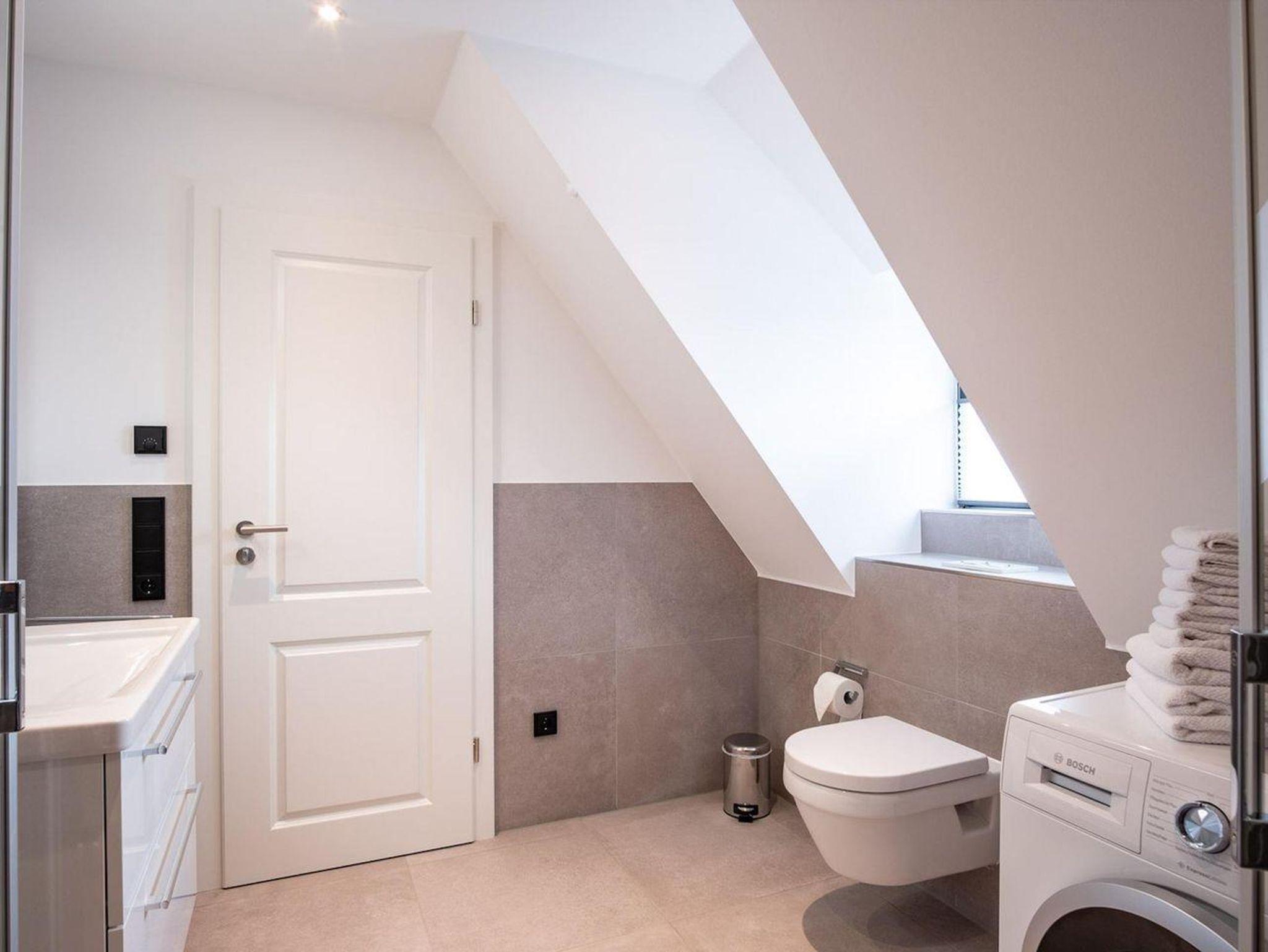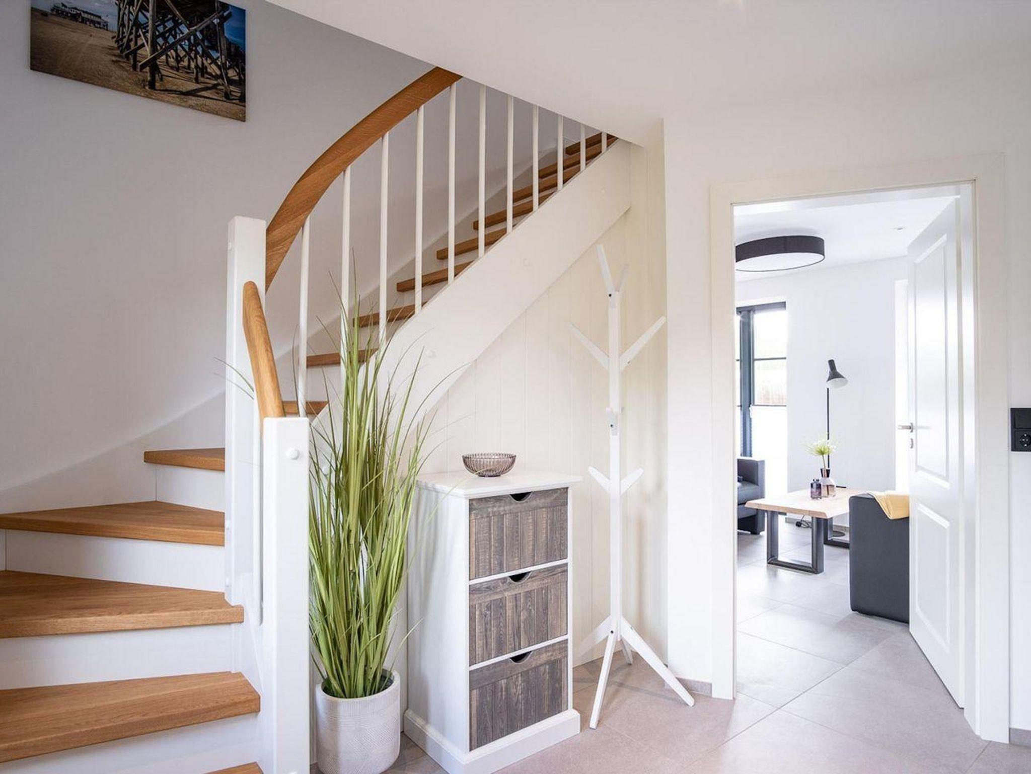 Im Erdgeschoss befindet sich der lichtdurchflutete Wohnraum mit TV, einer luxuriösen, angrenzenden Küche sowie einem stilvollen Essbereich. Der Wohnraum ist mit modernen, stylischen Möbeln eingerichtet. Die Küche verfügt über hochwertige Elektrogeräte und ist voll ausgestattet. An den Wohnbereich schließen sich ein Flur, ein Duschbad und ein Doppelschlafzimmer mit TV an.
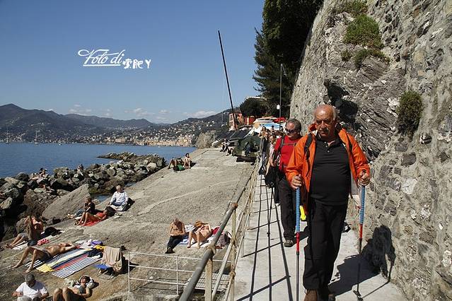 意大利的海因为山海相交, 所以徒步也是海边最流行的活动之一。经常是看到这边有人一身泳装躺在大石头上无所事事,那边有人全套户外装备沿着山路暴走不停,那种对比很有趣。
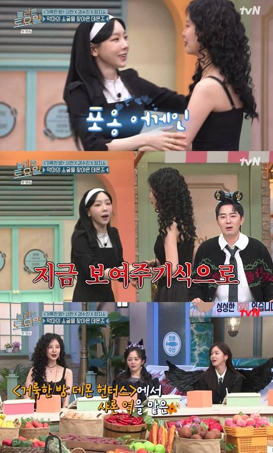 26일 방송된 tvN '놀라운 토요일'(이하 '놀토')에는 영화 '거룩한 밤: 데몬 헌터스'의 배우 서현, 경수진, 정지소가 게스트로 출연했다.
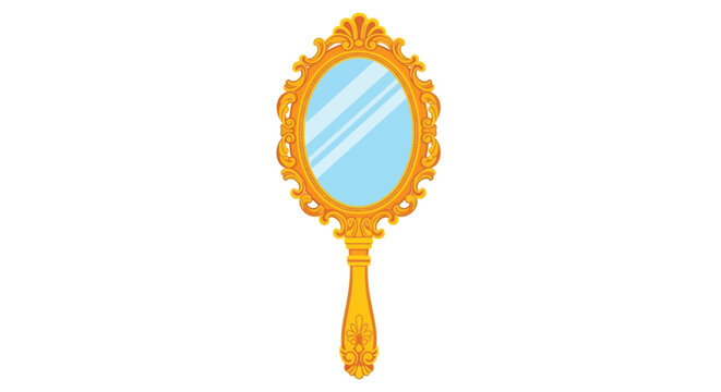 Classic black and gold handheld mirror on white backdrop with empty space for text

------------

• Task:
The listing above is to be written out again exactly, with its pictures omitted.

• Answer to the problem:
 Im Erdgeschoss befindet sich der lichtdurchflutete Wohnraum mit TV, einer luxuriösen, angrenzenden Küche sowie einem stilvollen Essbereich. Der Wohnraum ist mit modernen, stylischen Möbeln eingerichtet. Die Küche verfügt über hochwertige Elektrogeräte und ist voll ausgestattet. An den Wohnbereich schließen sich ein Flur, ein Duschbad und ein Doppelschlafzimmer mit TV an.
 意大利的海因为山海相交, 所以徒步也是海边最流行的活动之一。经常是看到这边有人一身泳装躺在大石头上无所事事,那边有人全套户外装备沿着山路暴走不停,那种对比很有趣。
 26일 방송된 tvN '놀라운 토요일'(이하 '놀토')에는 영화 '거룩한 밤: 데몬 헌터스'의 배우 서현, 경수진, 정지소가 게스트로 출연했다.
 Classic black and gold handheld mirror on white backdrop with empty space for text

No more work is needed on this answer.